Поэтому не случайно, что в конце презентации «новичков» («старичков» в этот раз не уважили вниманием на первом кругу) вдруг неожиданно назвали и меня — как пропадавшего где-то в дальней восточной стране целых три года…

Австрийцы — народ не мертвый, но достаточно нудный — встреча началась в этот раз двумя прямо-таки отчетными докладами, посвященными истории психодрамы в Австрии. Потом, правда, утомленных участников решили досрочно покормить ужином. Воздушные венские шницели, наваленные грудой в фастфудовских канах, вызывали эстетически- гастрономический протест, но толпа веселых психодраматистов поедала все с принятием, отдавая должное радости встречи, а не красоте еды.
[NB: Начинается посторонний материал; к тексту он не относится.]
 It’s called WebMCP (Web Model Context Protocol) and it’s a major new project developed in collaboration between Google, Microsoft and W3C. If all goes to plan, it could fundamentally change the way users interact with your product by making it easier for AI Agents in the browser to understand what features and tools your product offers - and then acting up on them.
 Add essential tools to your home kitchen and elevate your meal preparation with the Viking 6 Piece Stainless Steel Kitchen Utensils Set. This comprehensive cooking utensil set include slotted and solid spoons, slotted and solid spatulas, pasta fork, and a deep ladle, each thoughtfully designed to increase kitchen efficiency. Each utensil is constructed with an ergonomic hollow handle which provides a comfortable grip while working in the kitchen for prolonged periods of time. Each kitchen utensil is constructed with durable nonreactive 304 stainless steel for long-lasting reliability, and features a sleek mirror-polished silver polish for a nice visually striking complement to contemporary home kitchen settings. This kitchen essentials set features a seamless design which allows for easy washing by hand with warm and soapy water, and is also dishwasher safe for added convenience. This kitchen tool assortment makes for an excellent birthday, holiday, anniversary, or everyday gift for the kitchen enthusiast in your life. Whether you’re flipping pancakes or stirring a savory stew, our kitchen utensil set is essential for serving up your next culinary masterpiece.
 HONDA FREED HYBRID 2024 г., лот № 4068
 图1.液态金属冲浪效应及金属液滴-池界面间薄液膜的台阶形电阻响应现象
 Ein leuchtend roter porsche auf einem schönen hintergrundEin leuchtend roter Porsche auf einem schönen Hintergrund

Вид психодраматической фептовской «семейки» греет мое сердце: все увеличивающийся в размерах и строго расправляющийся с отбивной Яша Наор (я вспоминаю с улыбкой социально-компульсивные разборки в начале создания организации о том, считать ли Израиль частью Европы или назвать Федерацию именем Европы и Израиля), вечно активная Моника Зуретти из далекой Аргентины, плодовитая текстами итальянка Вильма Скатеньи, благообразно-многозначительно рассуждающий о пользе сновидений Маурицио Гассо, лидер юнгианской итальянской драмы, важно-доброжелательный Питер Габор, венгерский президент психодрамы, по-прежнему компактная улыбчивая старушка Барц — юнгианка, приезжавшая в России и также известная у нас по переведенной книжке «Игра в глубокое», Ютта Фюрст, ужасно славная барышня из Австрии — принимающая нас всех здесь в Вене, рассудительная Юдит Тесари, являющаяся по-прежнему президентом ФЕПТО, и, слава богу, еще достаточно живой Пьер Фонтен, старикан из Лувена, сочетающий в себе искреннюю порывистую любовь к разнообразиям мира с бельгийской невозмутимостью — первый координатор ФЕПТО, без которого, наверное, эта организация не народилась бы…
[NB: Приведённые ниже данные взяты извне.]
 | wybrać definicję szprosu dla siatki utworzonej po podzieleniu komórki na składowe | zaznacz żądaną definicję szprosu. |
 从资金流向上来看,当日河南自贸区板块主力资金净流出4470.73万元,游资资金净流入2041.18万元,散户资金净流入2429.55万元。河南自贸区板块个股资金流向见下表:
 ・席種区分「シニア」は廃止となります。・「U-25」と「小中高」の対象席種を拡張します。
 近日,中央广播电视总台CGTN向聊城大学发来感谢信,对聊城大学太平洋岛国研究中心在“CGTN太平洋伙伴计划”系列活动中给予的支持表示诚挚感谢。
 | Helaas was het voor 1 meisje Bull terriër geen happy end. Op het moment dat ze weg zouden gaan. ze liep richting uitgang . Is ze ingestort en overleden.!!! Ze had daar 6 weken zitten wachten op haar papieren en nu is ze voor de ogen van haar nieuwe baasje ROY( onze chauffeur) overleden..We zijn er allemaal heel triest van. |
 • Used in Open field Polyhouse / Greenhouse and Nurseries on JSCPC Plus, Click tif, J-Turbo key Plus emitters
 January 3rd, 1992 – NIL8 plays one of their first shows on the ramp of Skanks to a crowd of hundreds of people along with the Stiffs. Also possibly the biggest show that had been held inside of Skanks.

В этот раз не хватает торжественной злобности Анны Шутценбергер, экспрессивности Марши Карп, испанского изящества Йорга Бургмайстера…

Анна, 86-летняя русскоговорящая француженка, сопровождавшая Морено в его поездке в Россию, уже не так легка на подъем из-за своего состояния здоровья… Марша учительствует где-то в Японии… Йорг разбирается со своей личной жизнью, переезжая из Крейцлингена в Гранаду…

Нет и моего первого учителя — по-деревенски тихого Йорана… Волна грусти про их отсутствие. Впрочем, и благодарности Богу, что  они живы… И, конечно, печальновато, что «норды» и «балканцы» тусуются ордами, а из россиян я один…

После ужина неожиданно грянула социодрама. Сначала неуклюже, ковыляя под руководством эпатирующего всех галстучников своей оранжевой рубашечкой и шапочкой местного патриарха психодрамы – Хельмута Хазельбахера… Потом мы все глубже погружаемся в роли эмигрантов толпой наводняющих Вену в начале века — в то время как Я. Морено также приехал в Вену…

В конце дня мы на основе собственных переживаний выбирали разнообразные экскурсии — на которые нас приглашали венцы на следующий день…

«Мореновская Вена — между «belleepoque» и «бедностью» — знакомит с атмосферой расцвета «блестящей эпохи» довоенной Вены и краха после 1918, со знаменитыми зданиями на Рингштрассе, кафе «Эйлес», Рабенхофом и кварталом «красных фонарей» Шпиттельберга, в котором Морено начинал свои социодраматические экзерсисы с проститутками…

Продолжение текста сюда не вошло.